Could your being from Nashville have something to do with your unusual attitude? Maybe a proprietary interest?
So9
That's not what the copyright law says. The recordings are sold for private use only, no public performance, same as videotapes.
How about if I rented a DVD and showed the movie at my coffee house or bar? "Come see free movies every night!" I could say. And I'd make more money, because people who wouldn't come to buy my coffee WILL come to see a movie and THEN buy my coffee.
It doesn't matter whether you're directly charging for the product or not. You're enhancing your profits by using someone else's work. If you don't like their work, or think it's too much, do the capitalist thing and turn it off.
You're wrong. Read the copyright law. Public performance is a specific right of the statute, a right possessed by the copyright owner, not you.
Drunk cowboys don't sing nasty, it just sounds that way.
So9
I guess that's a nice idea, but that's not the law. You're free to disagree with the law, but don't be surprised when ASCAP comes and tells you to either buy a license or shut down. They have the law on their side.
I fully admit my vested interest, but that doesn't change what the law says, does it?
If I am privately listening to my music at work am I expected to afirmatively prevent others from easedropping?
This is preposterous bullsh!t on a level with the International Olympic Comittee using their copyright on the word "Olympic" to shut down Greek restaurants that have the word in the title. These are perhaps correct in law, but they are laws that need changing.
So9
There's no point in arguing this if you're going to be absurd. If toilets came under the scope of copyright law, maybe you'd have a point.
Sheesh.
It depends. Are you imposing a cover charge for people visiting your cubicle?
I fully admit my vested interest, but that doesn't change what the law says, does it?
You pick and choose, based upon your wallet, what issues you will be "libertarian" on, I see.
Sorry to hear that.
No, but that's not what's happening here, is it? What is happening is the club is playing the recordings with the intention of it being public, for the purpose of enhancing their business. Why are you entitled to make money from someone else's work?
I am not arguing against what the law says. I am trying to show that the argument that "music creates an atmosphere in which the establishment profits" is bogus because there are many consumer products and raw material which create the same "atmosphere" that music does. You can take anyone and say, "see without 'x', they wouldn't profit as much".
It depends. Are you imposing a cover charge for people visiting your cubicle?
I certainly charge people a fee for sitting in my office. Is that a cover charge? Does ASCAP try to collect from surgeons who play music in the operating room?
Every time ASCAP files a stupid suit like this they convince more people of the necessity of rewriting the copyright laws.
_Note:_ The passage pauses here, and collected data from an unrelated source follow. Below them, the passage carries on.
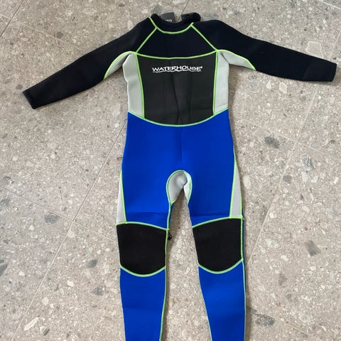 Våddragt til barn i str. 146-152 cm (ca. 10-12 år). Dragten er i sort med gule ærmer og kontrastsyninger. Materialet er 90 % neopren og 10 % polyamid. Lynlås i ryggen med snor for nem lukning. Egnet til brug i vandaktiviteter, hvor der ønskes isolering og bevægelsesfrihed.
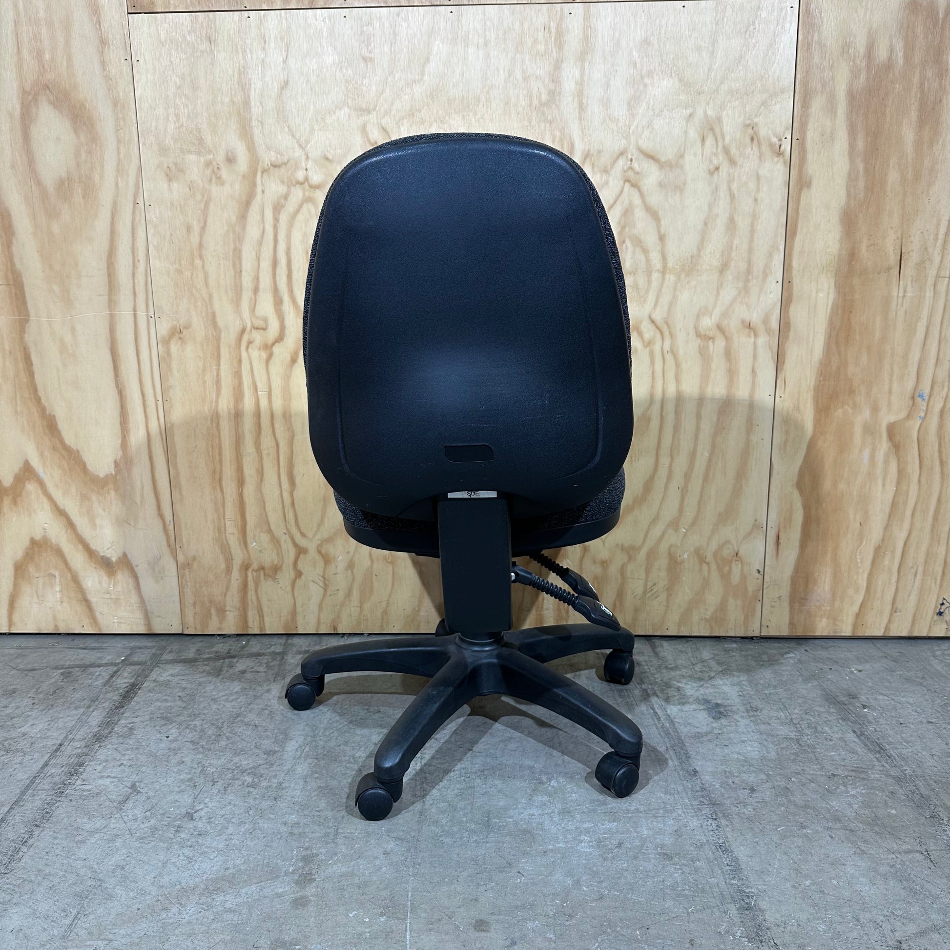 A dependable task chair, upholstered in durable black commercial-grade fabric. The contoured backrest provides essential support for the user's lower back. Equipped with a two-lever mechanism, you control both the gas-lift seat height and the back tilt angle. A robust black nylon five-star base with dual-wheel castors ensures smooth mobility across various floor surfaces. This chair offers practical, no-fuss seating built for daily use.
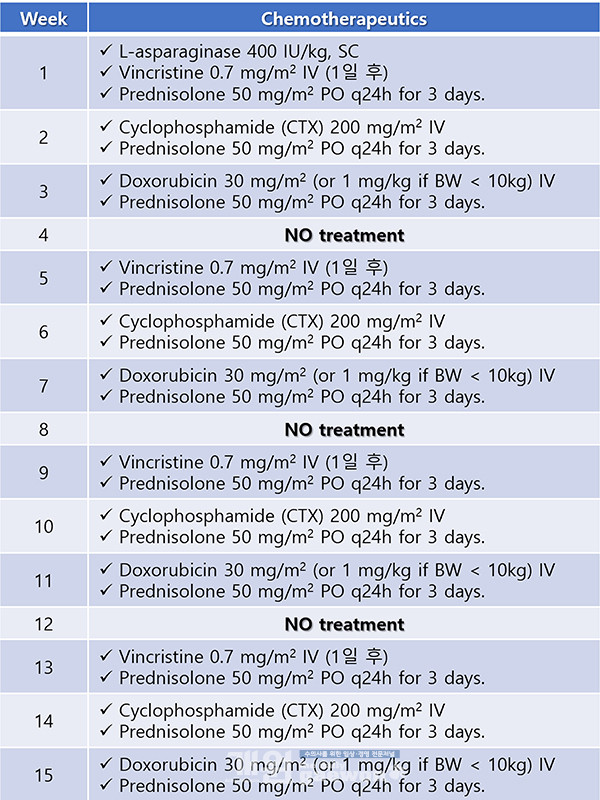 백혈구 수치는 보통 3,000cells/ul, 호중구 수치는 2,000cells/ul 이상이면 항암치료가 가능하다. 혈액검사에서 이상이 없어서 L-asparaginase를 피하주사하였다. 항암제 투여 전부터 수액을 투여하였고, 전처치 약물로 dexamethasone, chlorpheniramine, maropitant, cefazoline을 투여하였다.
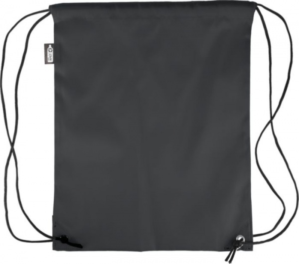 Batoh so sťahovacou šnúrkou s dvoma čiernymi PU rohmi na prednej strane a vnútorným šitím. Má čiernu nylonovú šnúru na každej strane, zapínanie na sťahovaciu šnúrku a jednu vnútornú priehradku. Kapacita: 5 l. Nosnosť: 7 kg. Vrátane štítku rPET.
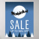 Faites plaisir à vos clients avec notre enseigne de vente de Noël captivante. Cette affiche époustouflante saisit la magie d'une nuit de Noël avec son ciel bleu profond et son traîneau à Père Noël qui s'envole gracieusement à travers le ciel illuminé par la lune. Le mot "VENTE" occupe le devant de la scène, avec le montant de remise facilement modifiable pour convenir à votre promotion en utilisant la fonction Personnaliser, que ce soit 10%, 20%, 50%, ou même 70% de réduction!
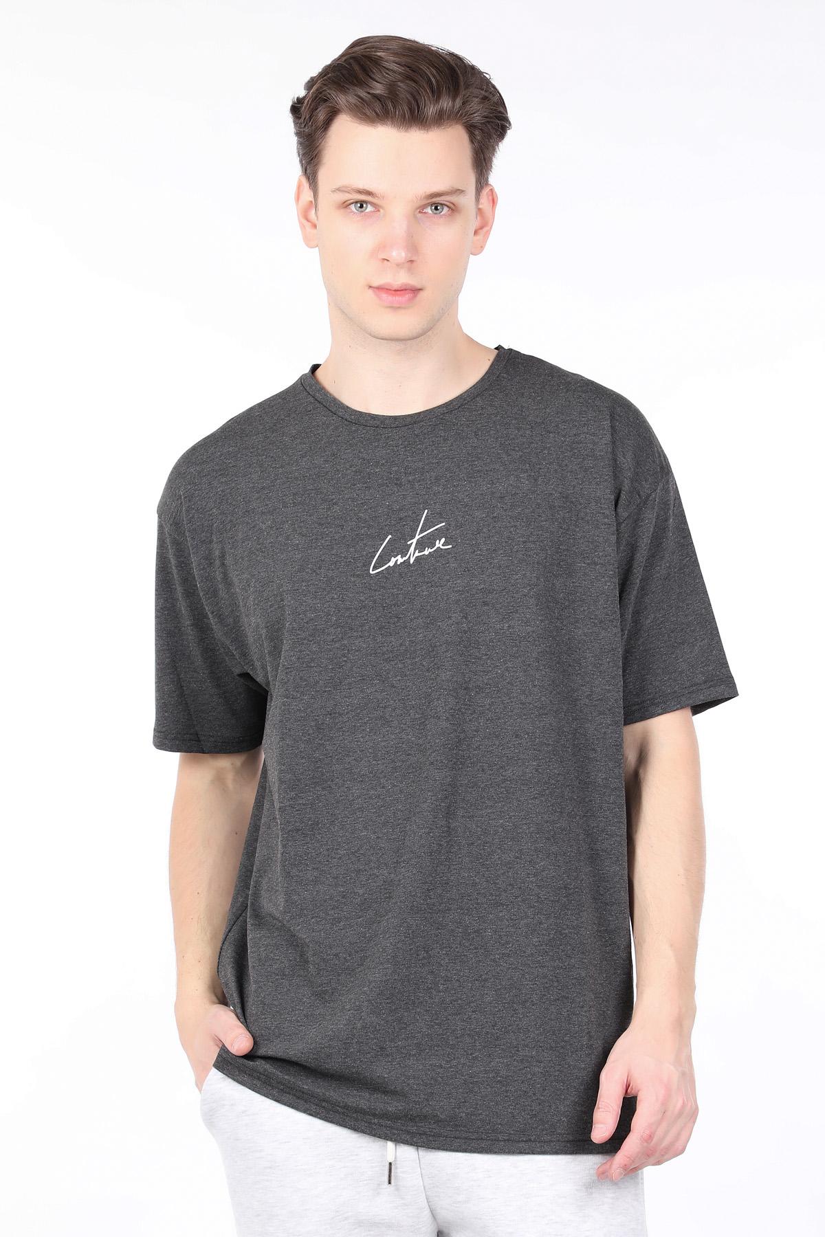 Мужская темно-серая футболка с круглым вырезом и принтом S серый
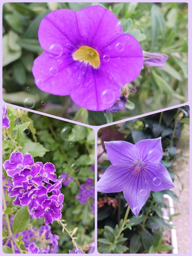 紫のお花,シャボン玉,コラージュ仲間達の投稿画像
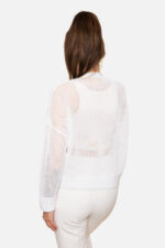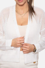 Sweter rozpinany w serek o drobnym ażurowym splocie. Mankiety i dół swetra wykonane ozdobnym ściągaczem.
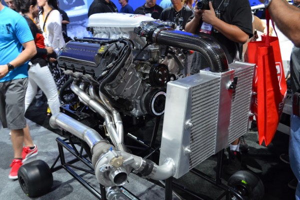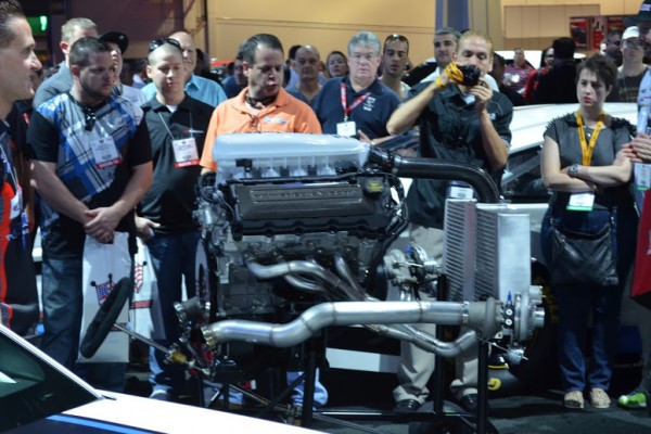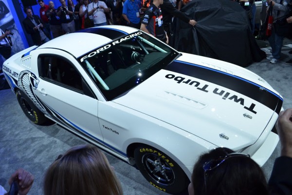 The biggest news to come out of the Ford press conference was the Cobra Jet engine concept built with EcoBoost technology. Ford engineers will look to develop the concept, which aims to deliver increased efficiency over the 2.9-liter blower used on the 2013 Cobra Jet engine. The turbo design used on the Cobra Jet concept incorporates the smallest possible turbos, with very low inertia and low internal friction to increase responsiveness and reduce lag.
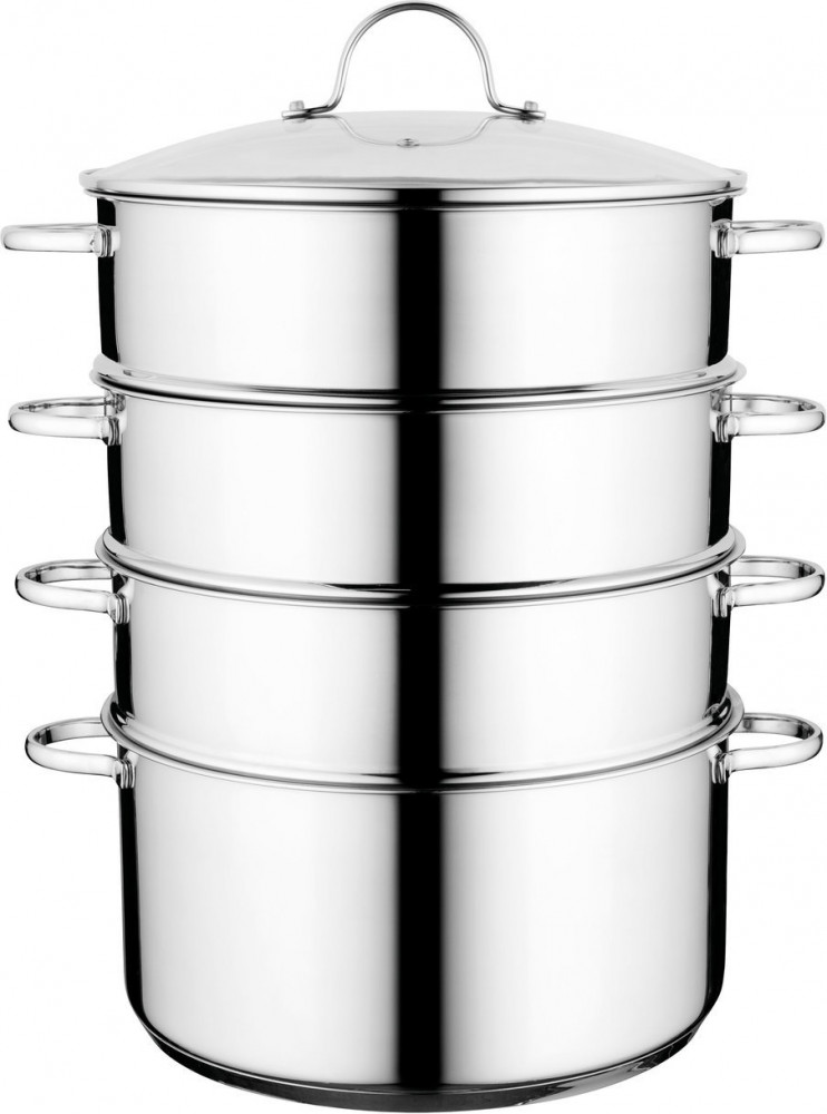 BergHOFF Кастрюля-пароварка 3-х яруснаяВ данный момент этот товар отсутствует в продаже. Возможно, у нас найдется аналогичный или похожий товар здесь. Благодаря большому диаметру и трём уровням, эта пароварка позволит готовить сразу для большой семьи. Если вам нужно меньше, просто снимите один или два уровня. Также вы можете использовать кастрюлю с крышкой как самостоятельную единицу. Посуда прочная, стильная и удобная в использовании. Подходит для любых типов плит, в том числе для индукционных. Технологичное 3-слойное дно обеспечивает равномерную передачу тепла. Все детали изготовлены из высококачественной нержавеющей стали, а элегантная матовая отделка придаст дополнительный стильный штрих. |
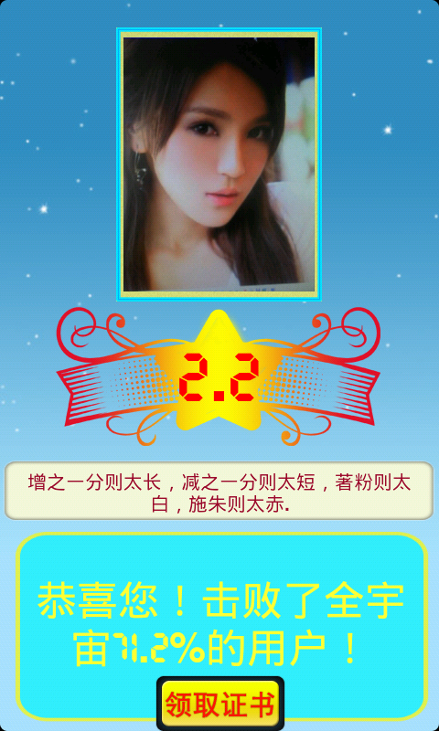 美丑照相機(jī) 2.2.8 安卓版 美丑相機(jī)是一款計(jì)算個(gè)人長(zhǎng)相的手機(jī)娛樂(lè)應(yīng)用。想知道自己的長(zhǎng)相到底如何?感覺(jué)對(duì)方不如你帥/美他/她確不肯承認(rèn)?美丑照相機(jī)安卓版采取精密的算法,可以計(jì)算出你的長(zhǎng)相。更有pk模式,讓你和朋友們一比高低!帥哥還是青蛙,美女還是恐龍,真相只有一個(gè)!

You are digging your own graves for pennies.
So9
I'm Gillette. I make razors. In order to let people know I have a new product, I send out a bunch of freebies. Of course, I'll never make money if I give it away free all the time, so I have to charge sometimes too. It's up to me when I charge or give them away.
What people around here are saying is that, just because you're allowed to hear something on the radio without paying for it, the music should always be free. You should be able to open a business that profits from that music without paying for it.
Just like any other business, it's my choice when I give away my goods or services gratis and when I don't. And copyright law makes it pretty clear that public performance of these materials is not one of those gratis moments.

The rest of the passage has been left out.